Geral 17/06/2009 - 17:24:40
CGJ avalia situação de crianças e adolescentes em abrigos


Desembargador José Carlos Malta, juiz Paulo Zacarias e secretário da Cejai, Hamilton Ramos Desembargador José Carlos Malta, juiz Paulo Zacarias e secretário da Cejai, Hamilton Ramos

     A Corregedoria Geral da Justiça (CGJ) promoveu, na manhã desta quarta (17), no Tribunal de Justiça de Alagoas (TJ/AL), reunião com representantes de 27 abrigos da Capital e do interior com objetivo de integrá-los ao Judiciário e agilizar os processos de adoção em todo o Estado.

     Levantamento da Comissão Judiciária de Adoção Internacional (Cejai), vinculada à CGJ, indica que são 747 as crianças e adolescentes amparadas pelos abrigos na capital e no interior.
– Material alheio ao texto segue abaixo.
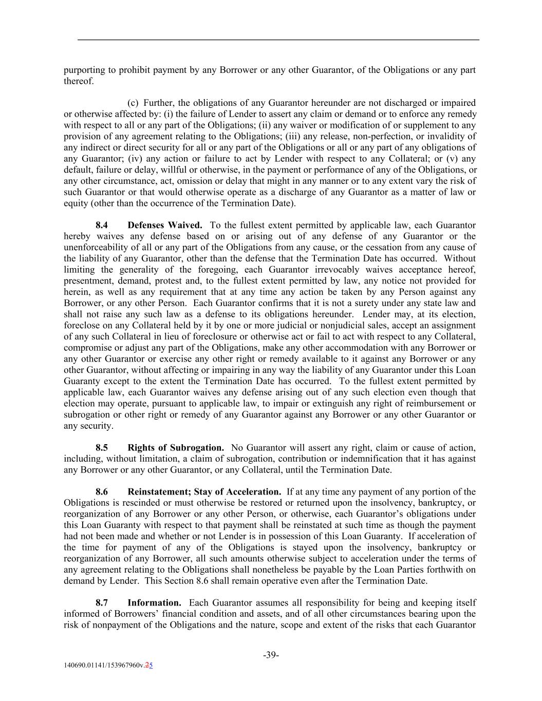 purporting to prohibit payment by any Borrower or any other Guarantor, of the Obligations or any part thereof. (c) Further, the obligations of any Guarantor hereunder are not discharged or impaired or otherwise affected by: (i) the failure of Lender to assert any claim or demand or to enforce any remedy with respect to all or any part of the Obligations; (ii) any waiver or modification of or supplement to any provision of any agreement relating to the Obligations; (iii) any release, non-perfection, or invalidity of any indirect or direct security for all or any part of the Obligations or all or any part of any obligations of any Guarantor; (iv) any action or failure to act by Lender with respect to any Collateral; or (v) any default, failure or delay, willful or otherwise, in the payment or performance of any of the Obligations, or any other circumstance, act, omission or delay that might in any manner or to any extent vary the risk of such Guarantor or that would otherwise operate as a discharge of any Guarantor as a matter of law or equity (other than the occurrence of the Termination Date). 8.4 Defenses Waived. To the fullest extent permitted by applicable law, each Guarantor hereby waives any defense based on or arising out of any defense of any Guarantor or the unenforceability of all or any part of the Obligations from any cause, or the cessation from any cause of the liability of any Guarantor, other than the defense that the Termination Date has occurred. Without limiting the generality of the foregoing, each Guarantor irrevocably waives acceptance hereof, presentment, demand, protest and, to the fullest extent permitted by law, any notice not provided for herein, as well as any requirement that at any time any action be taken by any Person against any Borrower, or any other Person. Each Guarantor confirms that it is not a surety under any state law and shall not raise any such law as a defense to its obligations hereunder. Lender may, at its election, foreclose on any Collateral held by it by one or more judicial or nonjudicial sales, accept an assignment of any such Collateral in lieu of foreclosure or otherwise act or fail to act with respect to any Collateral, compromise or adjust any part of the Obligations, make any other accommodation with any Borrower or any other Guarantor or exercise any other right or remedy available to it against any Borrower or any other Guarantor, without affecting or impairing in any way the liability of any Guarantor under this Loan Guaranty except to the extent the Termination Date has occurred. To the fullest extent permitted by applicable law, each Guarantor waives any defense arising out of any such election even though that election may operate, pursuant to applicable law, to impair or extinguish any right of reimbursement or subrogation or other right or remedy of any Guarantor against any Borrower or any other Guarantor or any security. 8.5 Rights of Subrogation. No Guarantor will assert any right, claim or cause of action, including, without limitation, a claim of subrogation, contribution or indemnification that it has against any Borrower or any other Guarantor, or any Collateral, until the Termination Date. 8.6 Reinstatement; Stay of Acceleration. If at any time any payment of any portion of the Obligations is rescinded or must otherwise be restored or returned upon the insolvency, bankruptcy, or reorganization of any Borrower or any other Person, or otherwise, each Guarantor’s obligations under this Loan Guaranty with respect to that payment shall be reinstated at such time as though the payment had not been made and whether or not Lender is in possession of this Loan Guaranty. If acceleration of the time for payment of any of the Obligations is stayed upon the insolvency, bankruptcy or reorganization of any Borrower, all such amounts otherwise subject to acceleration under the terms of any agreement relating to the Obligations shall nonetheless be payable by the Loan Parties forthwith on demand by Lender. This Section 8.6 shall remain operative even after the Termination Date. 8.7 Information. Each Guarantor assumes all responsibility for being and keeping itself informed of Borrowers’ financial condition and assets, and of all other circumstances bearing upon the risk of nonpayment of the Obligations and the nature, scope and extent of the risks that each Guarantor -39- 140690.01141/153967960v.25

Mesmo assim, apenas 20 estão aptas ao processo de adoção, de acordo com o Cadastro Nacional de Adoção, instituído em 2008 pelo Conselho Nacional de Justiça (CNJ).

     “Isso ocorre porque não temos informação precisa sobre quantas das 747 crianças e adolescentes estão aptas ao processo de adoção nacional ou internacional nos abrigos alagoanos”, explica Hamilton Ramos, secretário da Cejai.

     Interação com o Judiciário

     A reunião desta manhã, convocada pelo corregedor-geral da Justiça, desembargador José Carlos Malta Marques, teve ainda por finalidade colher informações dos responsáveis pelos abrigos sobre a interação das instituições com juízes nas comarcas em que estão inseridos.

     “Precisamos encontrar com rapidez novas famílias para estas crianças, seja aqui no Brasil ou no exterior. Estamos preocupados com a grandeza do problema e empenhados em solucioná-lo o quanto antes”, observou o desembargador.

     Para o presidente da Cejai, juiz Paulo Zacarias da Silva, é função legal do magistrado em cada comarca acompanhar a realidade de cada abrigo e agilizar o julgamento de processos referentes às crianças e adolescentes disponíveis para adoção nacional ou internacional.

     “Futuro promissor”

     “Não podemos admitir que uma criança fique tanto tempo à espera de uma nova família para que tenha um futuro promissor. Precisamos incluí-las no cadastro alagoano e nacional. Se uma nova família não estiver aqui, nós buscaremos uma alternativa no exterior”, alerta Paulo Zacarias.

     Os representantes dos 27 abrigos presentes à reunião foram orientados a enviar à Corregedoria Geral da Justiça, através de ofício, detalhado levantamento da situação de cada uma das crianças e adolescentes disponíveis para adoção na Capital e no interior.

     Diante das informações será possível a inclusão das mesmas no Cadastro Nacional de Adoção. “Com as informações, teremos como cobrar dos juízes nas comarcas agilidade no julgamento de processos de adoção”, orienta Hamilton Carneiro, da Comissão de Adoção.